Долго он искал дома; казалось, память ему изменила. Он два раза прошел улицу и не знал, перед которым остановиться. Наконец один показался ему похожим. Он быстро взбежал на лестницу, постучал в дверь: дверь отворилась и кто же вышел к нему навстречу? Его идеал, его таинственный образ, оригинал мечтательных картин, та, которою он жил, так ужасно, так страдательно, так сладко жил. Она сама стояла перед ним. Он затрепетал; он едва мог удержаться на ногах от слабости, охваченный порывом радости. Она стояла перед ним так же прекрасна, хотя глаза ее были заспаны, хотя бледность кралась на лице ее, уже не так свежем, но она всё была прекрасна.

„А!“ вскрикнула она, увидевши Пискарева и протирая глаза свои. Тогда было уже два часа. „Зачем вы убежали тогда от нас?“

Он в изнеможении сел на стул и глядел на нее.

„А я только что теперь проснулась; меня привезли в семь часов утра. Я была совсем пьяна“, прибавила она с улыбкою.

О, лучше бы ты была нема и лишена вовсе языка, чем произносить такие речи! Она вдруг показала ему как в панораме всю жизнь ее. Однакож, несмотря на это, скрепившись сердцем, решился попробовать он, не будут ли иметь над нею действия его увещания. Собравшись с духом, он дрожащим и вместе пламенным голосом начал представлять ей ужасное ее положение. Она слушала его с внимательным видом и с тем чувством удивления, которое мы изъявляем при виде чего-нибудь неожиданного и странного. Она взглянула, легко улыбнувшись, на сидевшую в углу свою приятельницу, которая, оставивши вычищать гребешок, тоже слушала со вниманием нового проповедника.

Правда, я беден“, сказал наконец после долгого и поучительного увещания Пискарев, „но мы станем трудиться; мы постараемся наперерыв, один перед другим, улучшить нашу жизнь. Нет ничего приятнее, как быть обязану во всем самому себе. Я буду сидеть за картинами, ты будешь, сидя возле меня, одушевлять мои труды, вышивать, или заниматься другим рукоделием, и мы ни в чем не будем иметь недостатка.“

„Как можно!“ прервала она речь с выражением какого-то презрения. „Я не прачка и не швея, чтобы стала заниматься работою.“

Боже! в этих словах выразилась вся низкая, вся презренная жизнь, — жизнь, исполненная пустоты и праздности, верных спутников разврата.

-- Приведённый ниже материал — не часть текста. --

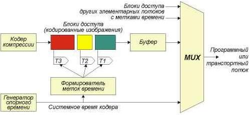 Механизм, обеспечивающий компенсацию задержек и синхронизацию – метки времени, которые ставятся в соответствие каждому блоку доступа (рисунок 8.10) и которые сообщают декодеру точное время, когда блок доступа должен быть извлечен из буфера декодера и декодирован. Для того, чтобы придавать блокам доступа метки времени, кодер должен знать текущее системное время, обеспечиваемое генератором опорного времени. Но метки времени блоков доступа не являются копиями текущего времени. Надо помнить, что метка времени указывает время, когда декодер будет декодировать данный блок доступа, что должно произойти в будущем. Поэтому должен быть некоторый сдвиг между текущим временем и меткой. Насколько велик должен этот сдвиг, зависит от многих факторов, среди которых размер буферов кодера и декодера, скорость, с которой элементарный поток поступает в мультиплексор. Сдвиг должен быть достаточно большим, чтобы блок доступа прошел через буфер кодера, мультиплексор и был полностью записан в буфер декодера. При расчете сдвига надо также предотвратить возможное переполнения или полное опустошения буфера декодера, ведь и в том, и в другом случае возникает сбой в непрерывном воспроизведении декодированных изображений. Для этого в кодере используется гипотетический декодер, который подключен к выходу кодера. Конечно, это не настоящий декодер, а вычислительная модель, сопровождаемая определителем степени заполнения буфера декодера. Назначение моделей – наложить ограничения на процесс кодирования с целью обеспечения отсутствия переполнения или полного освобождения емкости буфера декодера. Данные о степени заполнения буфера сообщаются реальному декодеру, чтобы он мог сопоставить вычисленные значения с текущими значениями аналогичных параметров в процессе настоящего декодирования.

„Женитесь на мне!“ подхватила с наглым видом молчавшая дотоле в углу ее приятельница. „Если я буду женою, я буду сидеть вот как!“ при этом она сделала какую-то глупую мину на жалком лице своем, которою чрезвычайно рассмешила красавицу.

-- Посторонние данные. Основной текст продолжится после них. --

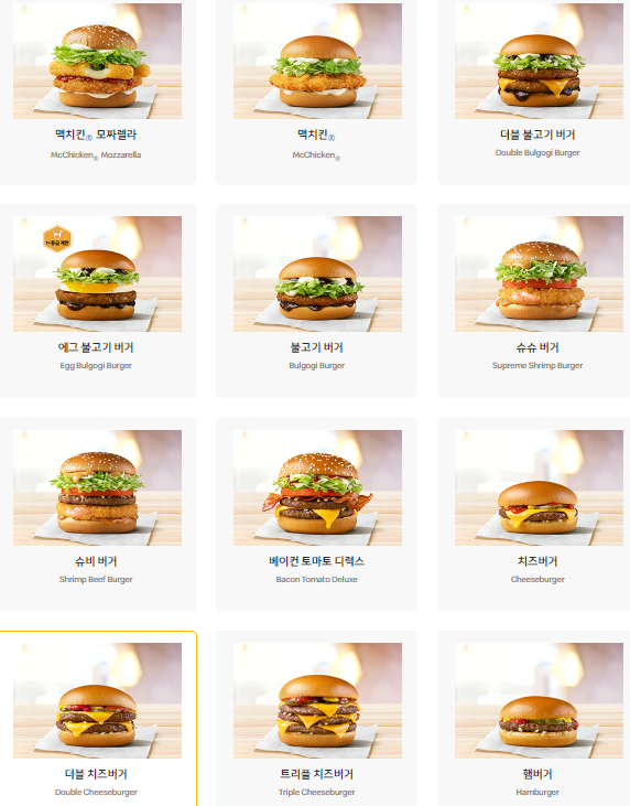 - 더블 치즈 버거 단품 4,800원, 세트 6,000원

О, это уже слишком! этого нет сил перенести. Он бросился вон, потерявши чувства и мысли. Ум его помутился: глупо, без цели, не видя ничего, не слыша, не чувствуя, бродил он весь день. Никто не мог знать, ночевал он где-нибудь или нет; на другой только день каким-то глупым инстинктом зашел он на свою квартиру, бледный, с ужасным видом, с растрепанными волосами, с признаками безумия на лице. Он заперся в свою комнату и никого не впускал, ничего не требовал. Протекли четыре дня, и его запертая комната ни разу не отворялась; наконец, прошла неделя, и комната всё так же была заперта. Бросились к дверям, начали звать его, но никакого не было ответа; наконец, выломали дверь и нашли бездыханный труп его с перерезанным горлом. Окровавленная бритва валялась на полу. По судорожно раскинутым рукам и по страшно искаженному виду можно было заключить, что рука его была неверна и что он долго еще мучился, прежде нежели грешная душа его оставила тело.

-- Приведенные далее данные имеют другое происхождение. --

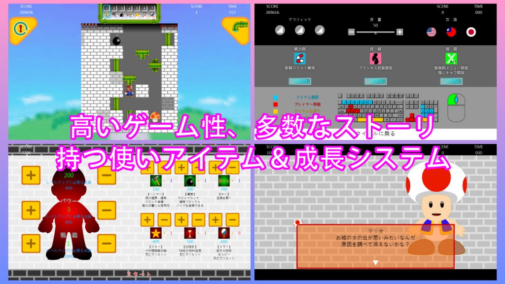 スコア点数を使って強くなりアイテムを買ってクリアを目指すのだ!

Так погиб, жертва безумной страсти, бедный Пискарев, тихий, робкий, скромный, детски-простодушный, носивший в себе искру таланта, быть может, со временем бы вспыхнувшего широко и ярко. Никто не поплакал над ним; никого не видно было возле его бездушного трупа, кроме обыкновенной фигуры квартального надзирателя и равнодушной мины городового лекаря. Гроб его тихо, даже без обрядов религии, повезли на Охту; за ним идучи, плакал один только солдат-сторож и то потому, что выпил лишний штоф водки. Даже поручик Пирогов не пришел посмотреть на труп несчастного бедняка, которому он при жизни оказывал свое высокое покровительство. Впрочем ему было вовсе не до того: он был занят чрезвычайным происшествием. Но обратимся к нему. — Я не люблю трупов и покойников и мне всегда неприятно, когда переходит мою дорогу длинная погребальная процессия и инвалидный солдат, одетый каким-то капуцином, нюхает левою рукою табак, потому что правая занята факелом. Я всегда чувствую на душе досаду при виде богатого катафалка и бархатного гроба; но досада моя смешивается с грустью, когда я вижу, как ломовой извозчик тащит красный, ничем не покрытый гроб бедняка и только одна какая-нибудь нищая, встретившись на перекрестке, плетется за ним, не имея другого дела.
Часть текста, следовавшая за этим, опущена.